North Korea’s stolen crypto this year totaled $720 million and is 51% more than North Korea’s then-record $1.3 billion take in 2024. It raises to $6.75 billion its total in cryptocurrency thefts in recent years, according to a report released on Thursday by blockchain data provider Chainalysis.
Much of this year’s stolen cryptocurrency occurred when hackers working for North Korea’s hacking team in February pilfered some $1.5 billion worth of mostly ethereum cryptocurrency from Dubai-based exchange Bybit, NBC News reported.
The $1.5 billion Bybit theft set a world record for the most stolen in a single incident.
The North Korean hackers operate from the relative safety of a nation that mostly is closed to the outside world.
“It’s very difficult to stop, because there’s an asymmetry where they’re in general so cut off from the world and such a rogue state,” Matt Pearl, Center for Strategic and International Studies’ director of its Strategic Technologies Program, told NBC News.

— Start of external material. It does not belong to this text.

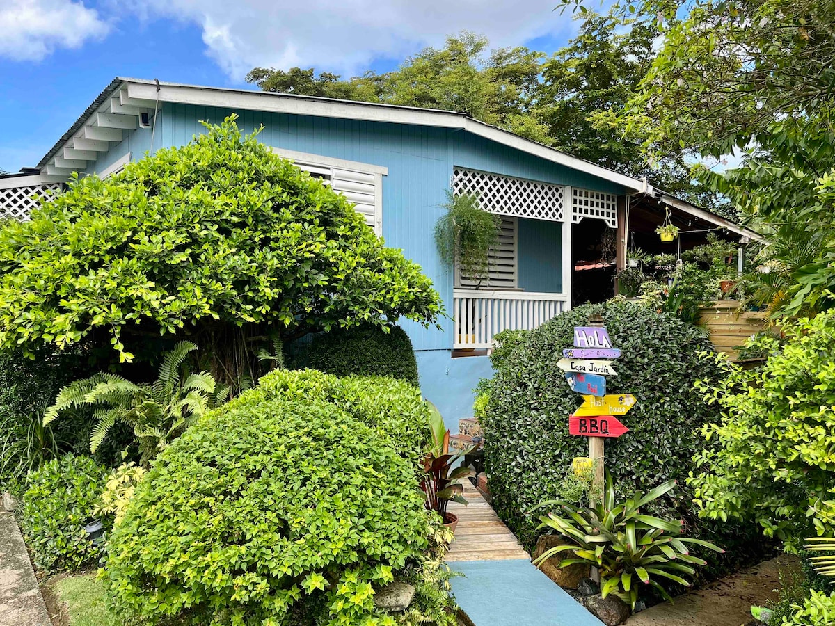 Acogedora casa en madera con mini piscina,deck,jardín y estacionamiento privado . ¿Quieres conectar con la naturaleza? Vive la experiencia de dormir con el cantar del coqui y despertar con el canto de los gallos entre la vegetación del trópico. Estamos ubicados en Trujillo Alto, en un barrio céntrico, a 2 minutos en carro se encuentra el supermercado, Panadería y puesto de gasolina. A minutos del Aeropuerto, la capital, playas y centros comerciales.
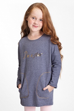 Платье из мягкого футера, декорированное контрастной строчкой и принтом.

North Korean hackers managed to steal more cryptocurrency this year despite carrying out fewer attacks, often with the help of IT workers within cryptocurrency services providers or through the use of impersonation tactics that target crypto executives, Chainalysis reported.

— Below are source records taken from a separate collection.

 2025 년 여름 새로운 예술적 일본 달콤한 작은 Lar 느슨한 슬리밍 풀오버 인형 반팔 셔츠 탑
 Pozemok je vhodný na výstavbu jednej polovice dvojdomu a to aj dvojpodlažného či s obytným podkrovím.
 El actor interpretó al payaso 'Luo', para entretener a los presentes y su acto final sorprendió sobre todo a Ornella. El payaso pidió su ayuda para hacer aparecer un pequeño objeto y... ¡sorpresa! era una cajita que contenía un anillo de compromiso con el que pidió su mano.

Once the cryptocurrencies are stolen online, North Korea’s hackers prefer to launder the proceeds through money laundering services that use the Chinese language, according to Chainalysis.
They also use bridge services and mixing protocols and take about 45 days to launder their stolen cryptocurrency after a particular theft.
A similar report in October by blockchain analytics firm Elliptic said North Korean hackers conducted more than 30 hacking attacks to steal its record $2.02 billion in crypto with three months left in the year.
In addition to the Bybit theft, North Korean hackers also are blamed for stealing $14 million from nine accounts on the WOO X crypto exchange in July and $1.2 million from the blockchain funding site Seedify in September, among many other thefts.
About 40% of the proceeds from the cryptocurrency thefts are used to fund North Korea’s nuclear arms and other weapons development efforts.